▶ Problem description:
Once you find the line below that has "All Weather Jacket | Style 9606", output it and every line after it exactly, stopping after the line that has "14: Door osf Chipped 1 To 5", with no pictures.

Provided information Start Marker

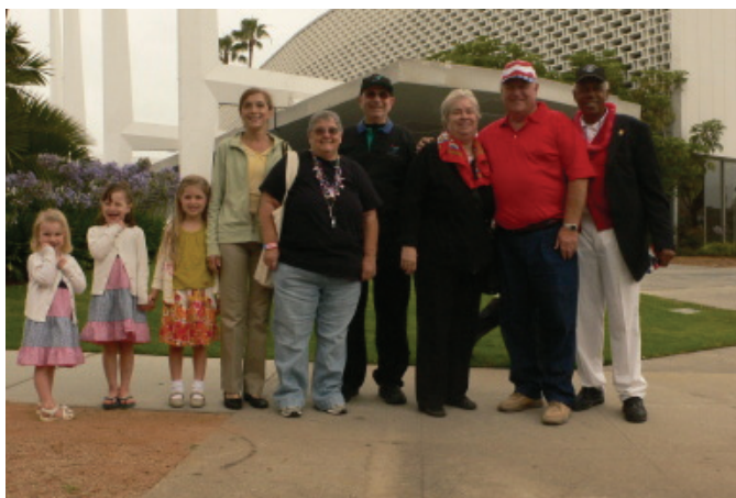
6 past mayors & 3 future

Provided information End Marker
Provided information Start Marker

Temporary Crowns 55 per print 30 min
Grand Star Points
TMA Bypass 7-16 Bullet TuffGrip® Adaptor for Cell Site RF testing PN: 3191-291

Provided information End Marker
Provided information Start Marker

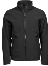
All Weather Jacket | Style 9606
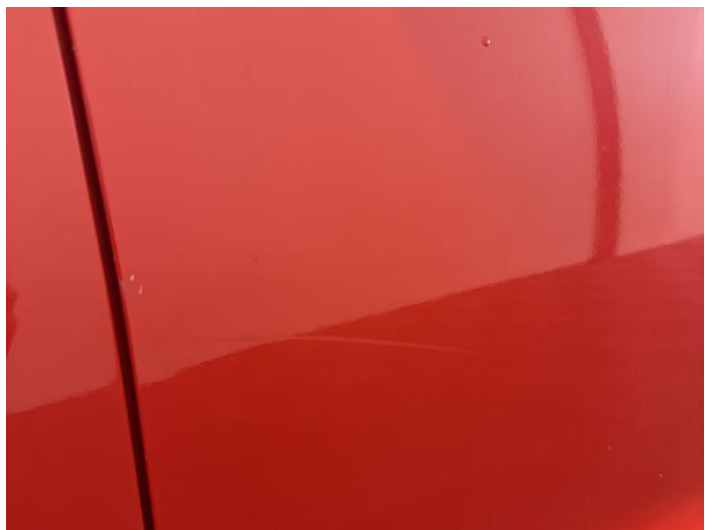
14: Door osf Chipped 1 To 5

Provided information End Marker

▶ Solved problem:
All Weather Jacket | Style 9606
14: Door osf Chipped 1 To 5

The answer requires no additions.